◆ Information shown
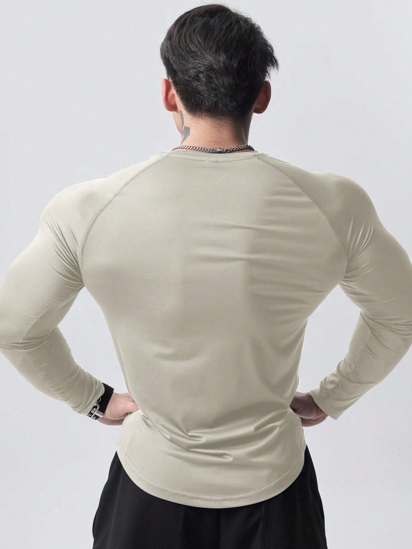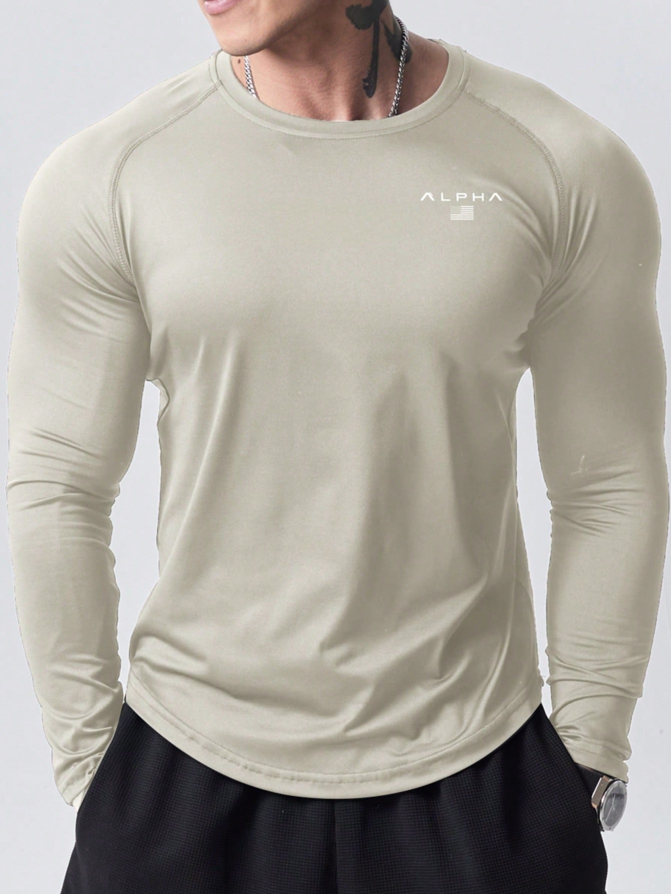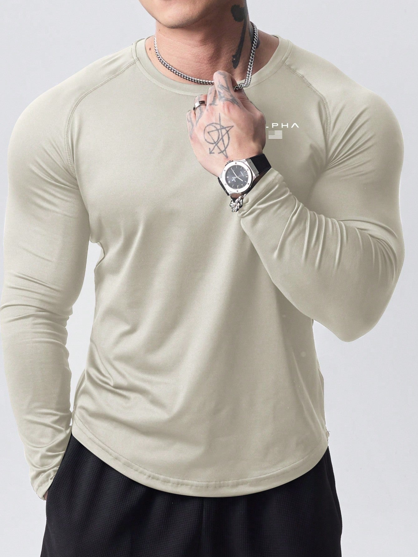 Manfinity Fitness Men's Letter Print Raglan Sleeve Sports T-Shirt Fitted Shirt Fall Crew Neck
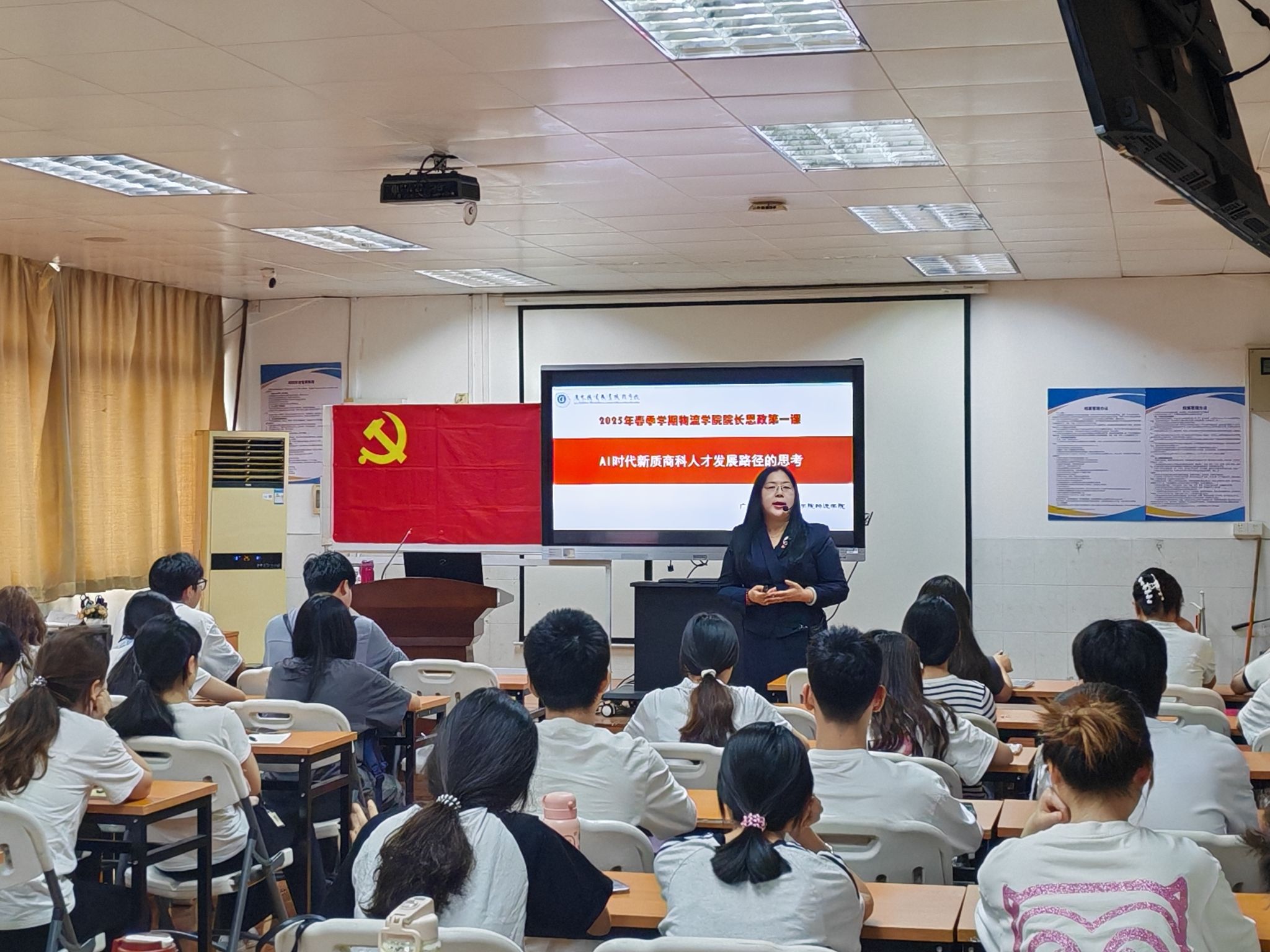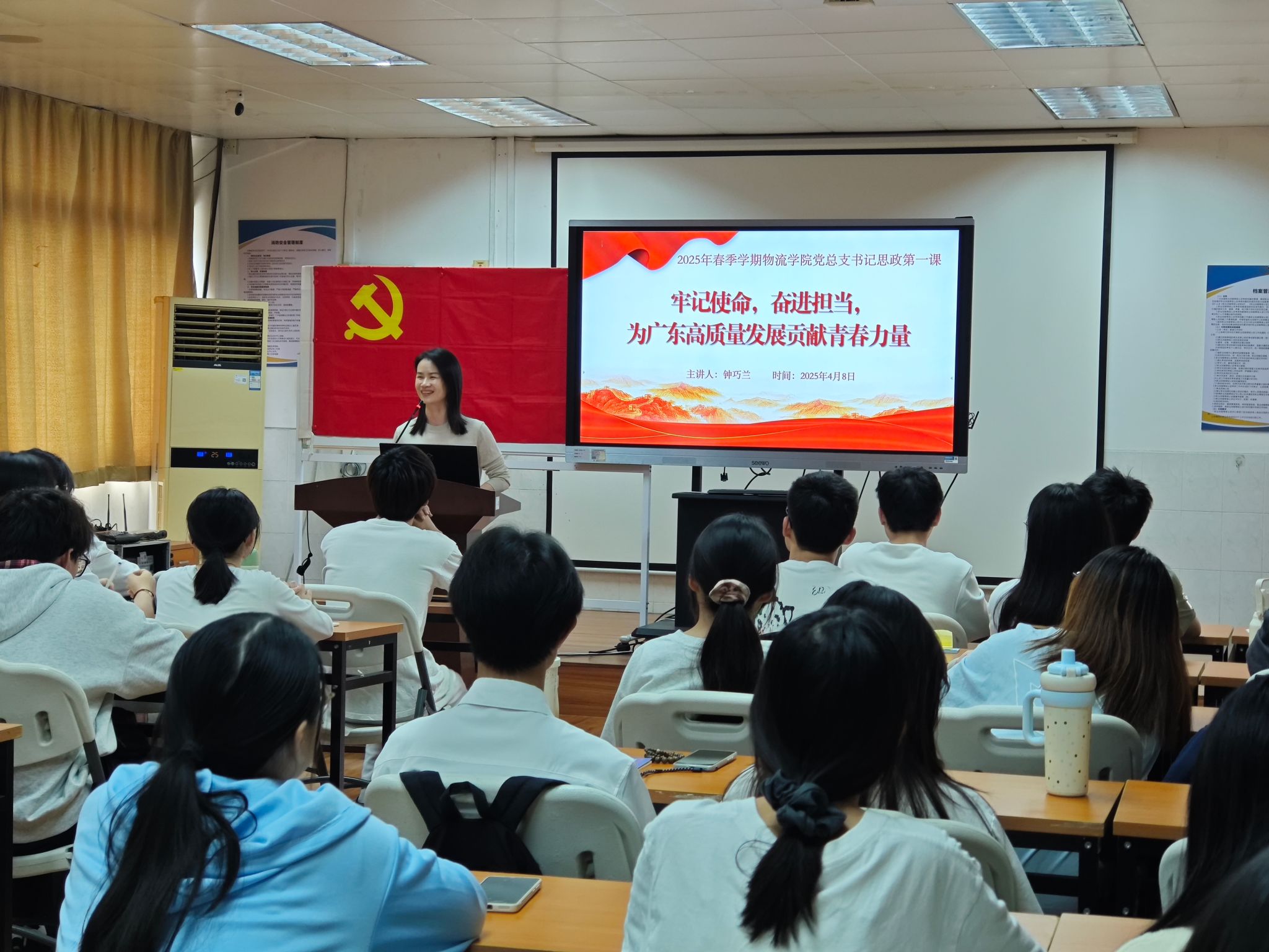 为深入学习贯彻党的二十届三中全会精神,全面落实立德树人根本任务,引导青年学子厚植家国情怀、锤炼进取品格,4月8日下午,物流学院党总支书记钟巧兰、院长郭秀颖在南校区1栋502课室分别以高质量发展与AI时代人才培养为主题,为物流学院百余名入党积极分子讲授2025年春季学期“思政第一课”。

* * *

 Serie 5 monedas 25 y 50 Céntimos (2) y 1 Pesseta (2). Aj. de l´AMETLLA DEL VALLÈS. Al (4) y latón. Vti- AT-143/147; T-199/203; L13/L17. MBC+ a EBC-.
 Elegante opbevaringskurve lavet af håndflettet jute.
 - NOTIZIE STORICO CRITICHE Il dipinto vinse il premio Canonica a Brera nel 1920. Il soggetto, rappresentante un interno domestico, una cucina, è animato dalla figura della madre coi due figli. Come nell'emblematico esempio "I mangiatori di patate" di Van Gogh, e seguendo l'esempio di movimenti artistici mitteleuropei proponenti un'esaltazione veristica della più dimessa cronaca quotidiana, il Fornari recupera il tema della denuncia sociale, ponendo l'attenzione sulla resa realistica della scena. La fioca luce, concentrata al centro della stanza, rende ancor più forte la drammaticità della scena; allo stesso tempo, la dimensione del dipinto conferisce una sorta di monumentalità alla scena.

◆ Brief
When copying from the data above, print only the lines from the line containing "Manfinity Fitness Men's" to the line containing "为深入学习贯彻党的二十届三中", exactly, and leave the pictures out.

◆ Solution to the exercise
 Manfinity Fitness Men's Letter Print Raglan Sleeve Sports T-Shirt Fitted Shirt Fall Crew Neck
 为深入学习贯彻党的二十届三中全会精神,全面落实立德树人根本任务,引导青年学子厚植家国情怀、锤炼进取品格,4月8日下午,物流学院党总支书记钟巧兰、院长郭秀颖在南校区1栋502课室分别以高质量发展与AI时代人才培养为主题,为物流学院百余名入党积极分子讲授2025年春季学期“思政第一课”。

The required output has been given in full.